Jumpa orang Indonesia ,Silent Reader Kompasiana
Ketika kami sedang berjalan dari satu tenda ke tenda lainnya, tiba tiba ada yang menyapa, "Maaf, Bapak dan ibu Tjiptadinata kan? Saya Sri, sering baca tulisan bapak ibu di Kompasiana.Saya senang sekali, karena isi tulisan yang sangat inspiratif dan berhubungan langsung dengan pernak pernik kehidupan," katanya.
Kami pun diajak menemui teman teman dari KJRI dan GWJ berkenalan sambil berfoto bersama sebagai kenang-kenangan.

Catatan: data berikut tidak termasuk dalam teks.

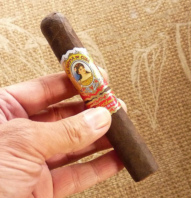 5.5"x54 Strength: Medium-Full Wrapper: San Andres Origin: Nicaragua Shape: Robusto Prelight: Sweet tobacco, cocoa and cedar, slight box press, solid pack 1st 1/3 Perfect draw, dark chocolate, earth, nut, and creamy, no bite, spices in the background, medium/full, lots of smoke production, burning at an angle 2nd 1/3 Very smooth and creamy, maybe a note of syrupy flavor but faint and continuing dark chocolate, earth, nut and spice notes. Burn line self corrected, slight nicotine buzz Some people get a mint note but I can't detect it Overall the flavors could be bigger but it is a smooth smoke Final 1/3 This stick can take the abuse of not going hot when hit to fast, nice trait All the flavors seem to blend but fading together, this was the better of the La Aroma de Cuba brand I've had but not my cup of tea. Smoke time 1 hr 10 min Score 7.5 out of 10

Kemudian Ibu Sri mencari suami dan memperkenalkan pada kami. Tentu saja, peluang ini,tidak kami sia siakan dan  sebagai kenangan berjumpa dengan keluarga ibu Sri kami membuat foto bersama.
Sesungguhnya, teman teman masih mau melanjutkan pembicaraan, tapi kami melihat jam pukul 11.20 sedangkan karcis pakir kami hanya berlaku sampai 11.35.
Karena tempat pakir lumayan jauh dari tempat acara, maka kami mohon diri supaya tidak kena denda.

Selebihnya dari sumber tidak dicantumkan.